Below this line is a listing that includes pictures. Copy exactly, and only, the lines from the one containing "The most common" through the one containing "Inneholder Duftlys Mandarin"; the pictures do not go in the copy.

• **MATERIAL TO PROCESS**:
▶

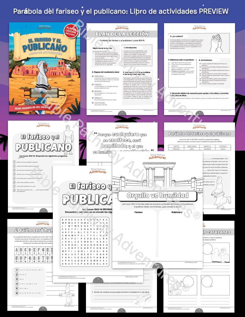 - Plan de lección fácil de usar sobre la Parábola del fariseo y el publicano que incluye una introducción a la lección, una historia bíblica cuidadosamente redactada para niños, repaso de vocabulario clave, preguntas de comprensión sobre la historia bíblica y 8 actividades divertidas para ayudar a los niños a recordar lo que han aprendido
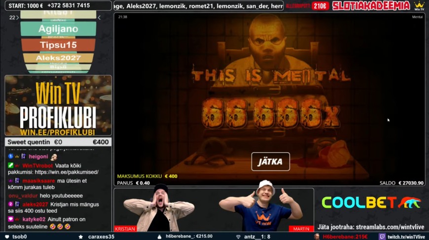 Win TV saatejuhid Kristjan Laas ja Martin Kõiv suutsid Slotiakadeemia saates võtta populaarses Mental mängus maksimaalse võidu kogusummas 26 664€
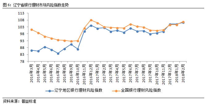 辽宁地区风险回落至全国平均水平之下。从辽宁省银行理财风险指数的走势来看,2月辽宁省银行理财风险指数基本重回全国平均水平之下,环比上涨1.23点,与全国平均水平的差异为0.64点。对比近一年的风险指数来看,当前,辽宁省银行理财风险指数处于近期高点,而价格波动风险成为了造成整体风险指数高企的主要原因。随着资管新规落地的临近,银行理财风险走势与其影响息息相关,不排除资管新规落地后,银行理财风险指数大幅波动的情况。不考虑政策调整因素,在3月季末考核的影响下,价格波动风险或小幅上涨推动整体风险继续上行。
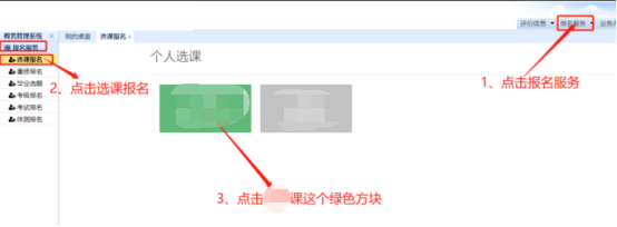 操作步驟:選課報名——個人選課——點擊綠色的方塊。對想選的課程 點擊“選課”——點擊“確定”——若需退選 點擊“取消”——點擊“確定”。
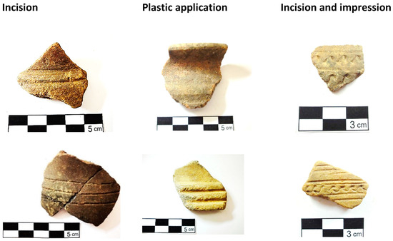 The most common motifs are horizontal or oblique, incised grooves (sometimes carried out with dull edge objects); plastic strands and one or more series of engraved SSS (Figure 28).
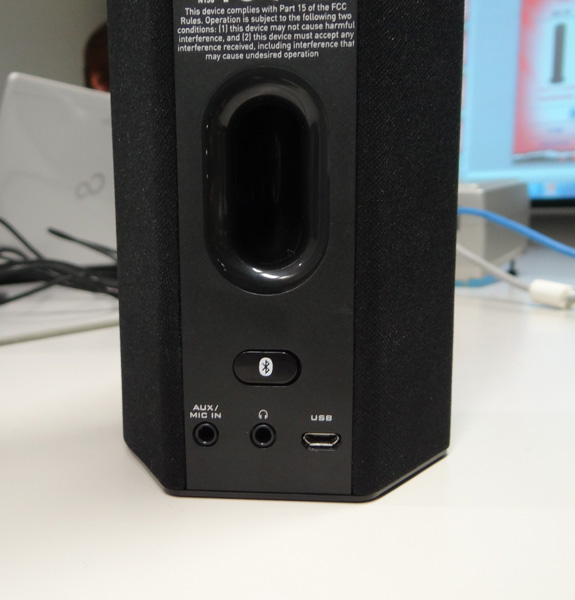 Sound BlasterAxx SBX 10の背面。バスレフポートを備える
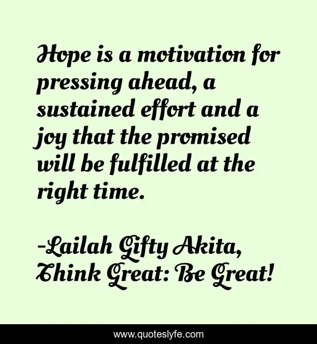 "Lailah Gifty Akita, Think Great: Be Great! Quotes." Quoteslyfe.com, 2025. Mon. 08 Dec. 2025. <https://www.quoteslyfe.com/quote/Hope-is-a-motivation-for-pressing-ahead-227603>.
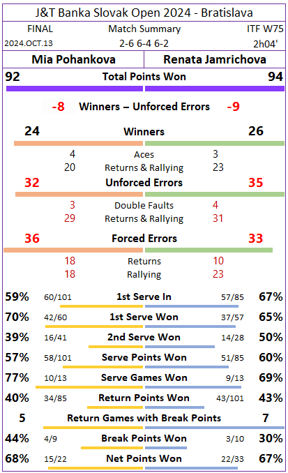 Jamrichova still had a couple of chances to break back, one in the 4th game and another in the 6th. But the first break point was neutralized by a Pohankova forehand winner and the second wasted with a forehand error.
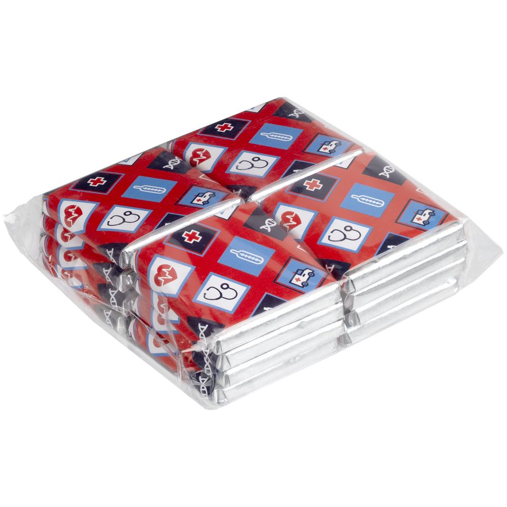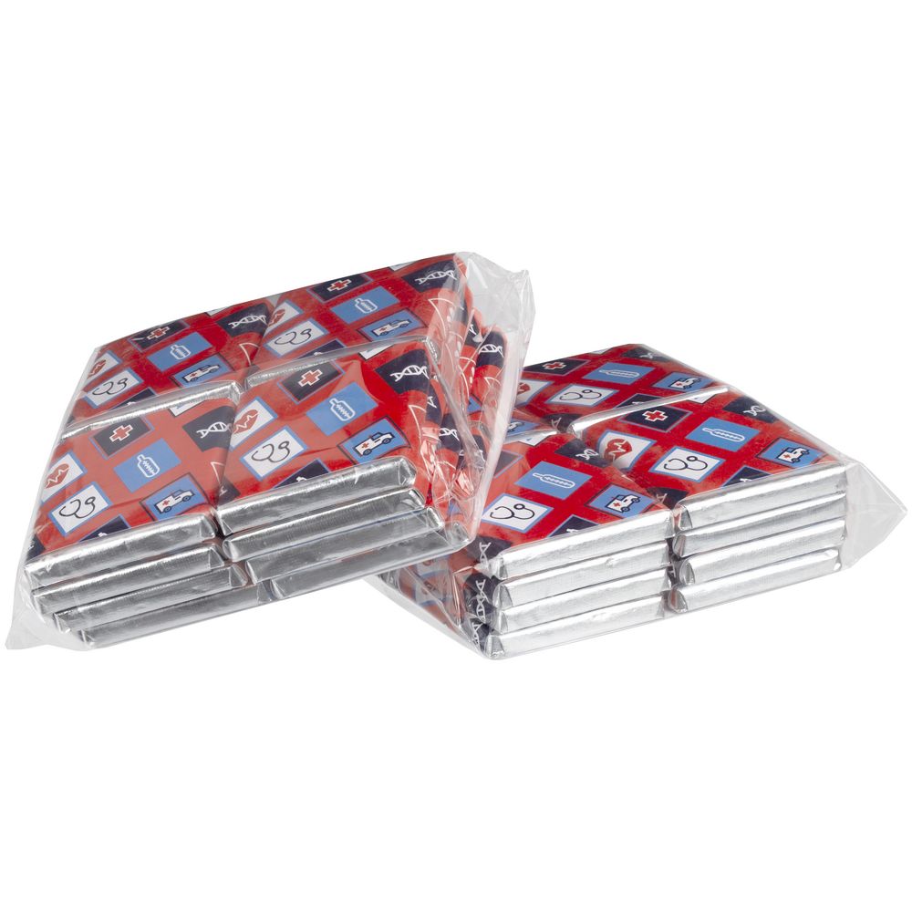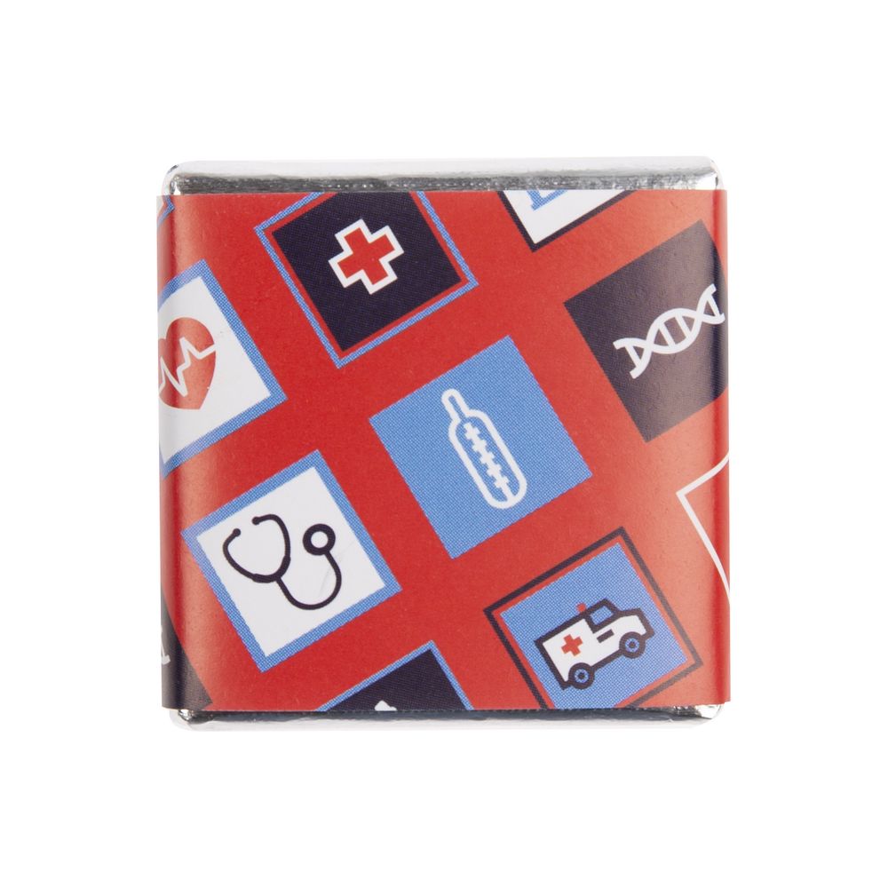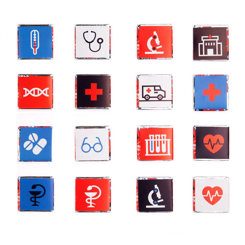 На обратной стороне каждой плитки изображены главные медицинские символы. Шоколад горький, 60% какао. В набор входит 16 плиток по 5 г. Срок годности 12 месяцев.
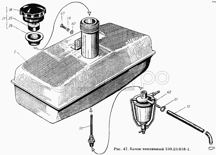 Каталог запасных частей к технике: ХТЗ Т-150К. Бачок топливный 150.23.018-1
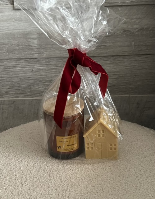 Inneholder Duftlys Mandarin og sandeltre og dekorlys hus.
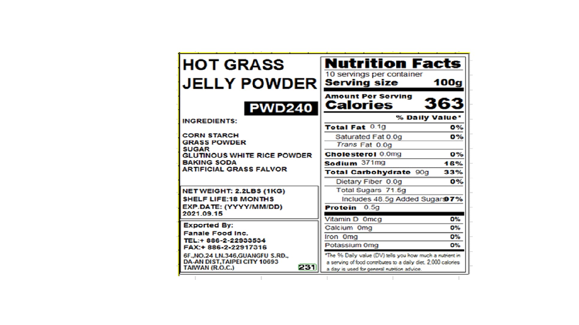Q: Does this flavoring powder contain sugar and creamer?A: Yes, the Fanale Grass Jelly powder is a 3 in 1 mix that already includes both creamer and sugar, making it convenient for preparing delicious bubble tea or other drinks without needing to add extra ingredients.
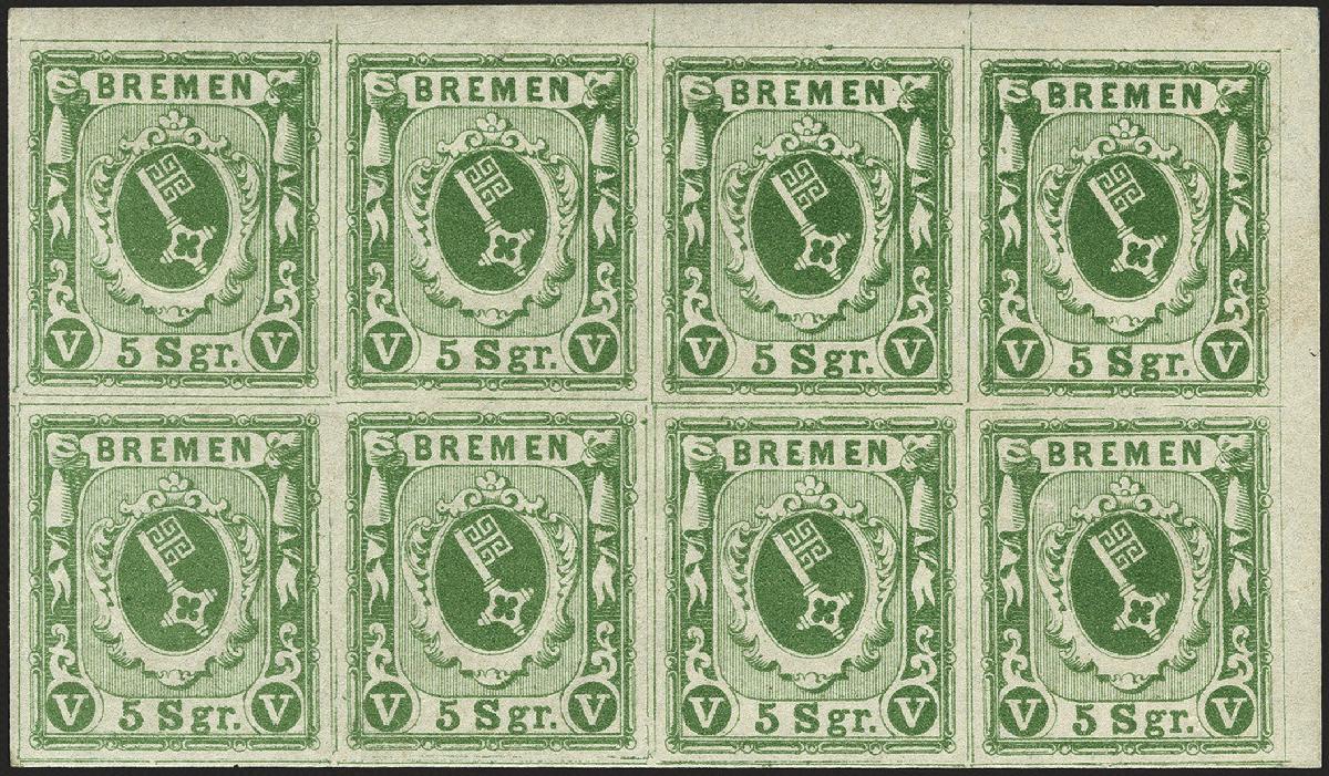 | Zusatzinformationen und Suchstichworte: | 378. Auktion Heinrich Köhler Auktionstermin 21.-26. März 2022 Los 43 5 Silbergroschen gelbgrün, waagerechter Achterblock aus der rechten oberen Bogenecke, farbfrisch und allseits sehr breitrandig, oben und rechts mit ca. 2/2,5 mm Bogenrand, postfrisch in tadelloser und sehr frischer Erhaltung. Eine schöne Einheit der 1. Auflage. Ein Wert signiert Koch, Fotoattest Bremer Verein (1967) und Fotoattest Neumann BPP (2021) Ausruf 1.500,00 EUR Zuschlag 3.200,00 EUR (aus der Sammlung Erivan Haub) |
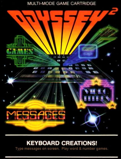 KEYBOARD CREATIONS! It turns your words into a light show that travels across your TV screen. There's a myriad of applications! You can make professional looking titles for your videotape recordings. (a special "date line" even includes a computerized digital clock that displays the actual time the recording was made.) It turns your TV set into a message center that can't be missed! KEYBOARD CREATIONS televises birthday, anniversary and holiday greetings at parties - and telecasts your own commercial messages for business! This immensely versatile cartridge even plays word games to make spelling practice fun for kids and to present totally unique challenges at the adult level. Full sync-sound action! Digital clock! Background color control!
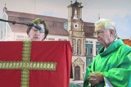 Dass Jesus seine Wunder auf einer Hochzeit begann und den Gästen Wein zum Fröhlichsein schenkte, sieht Sperl als besonderen Hinweis Gottes, sich am Leben auch freuen zu dürfen. Die Volksfesthalle war sehr gut besucht. Vielleicht erinnerte sie den Steyler-Pater mehr an seine Gotteshäuser in Ghana als der von ihm so verehrte „Dom der Hallertau“. Sperl: „Meine afrikanischen Gläubigen sind immer fröhlich, ja sogar ausgelassen glücklich“. Er meinte es ehrlich. Selbst 1. Bgm. Jens Machold schwärmte vom 78-jährigen. Und die Marktkapelle spielte mit Begeisterung. Alt-Bürgermeister Hans Frank und Messnerin Irene Kürzinger oblag wie jedes Jahr der verantwortungsvolle Rücktransport der Hostien in die Pfarrkirche.
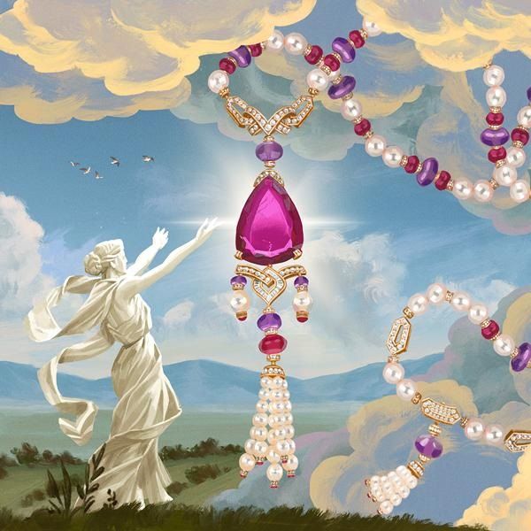 "红颜魅惑"(Lady Rubellite)长项链拥有1颗重达60.79克拉的扁平设计水滴形红碧玺,鲜艳夺目的亮粉色调闪耀热烈奔放的魅惑气质。此外,此款长项链还以密镶钻石、紫水晶和红碧玺搭配早在巴洛克时期就已广受青睐的珍珠元素。

◀

• **ANSWER TO THE EXERCISE**:
 The most common motifs are horizontal or oblique, incised grooves (sometimes carried out with dull edge objects); plastic strands and one or more series of engraved SSS (Figure 28).
 Sound BlasterAxx SBX 10の背面。バスレフポートを備える
 "Lailah Gifty Akita, Think Great: Be Great! Quotes." Quoteslyfe.com, 2025. Mon. 08 Dec. 2025. <https://www.quoteslyfe.com/quote/Hope-is-a-motivation-for-pressing-ahead-227603>.
 Jamrichova still had a couple of chances to break back, one in the 4th game and another in the 6th. But the first break point was neutralized by a Pohankova forehand winner and the second wasted with a forehand error.
 На обратной стороне каждой плитки изображены главные медицинские символы. Шоколад горький, 60% какао. В набор входит 16 плиток по 5 г. Срок годности 12 месяцев.
 Каталог запасных частей к технике: ХТЗ Т-150К. Бачок топливный 150.23.018-1
 Inneholder Duftlys Mandarin og sandeltre og dekorlys hus.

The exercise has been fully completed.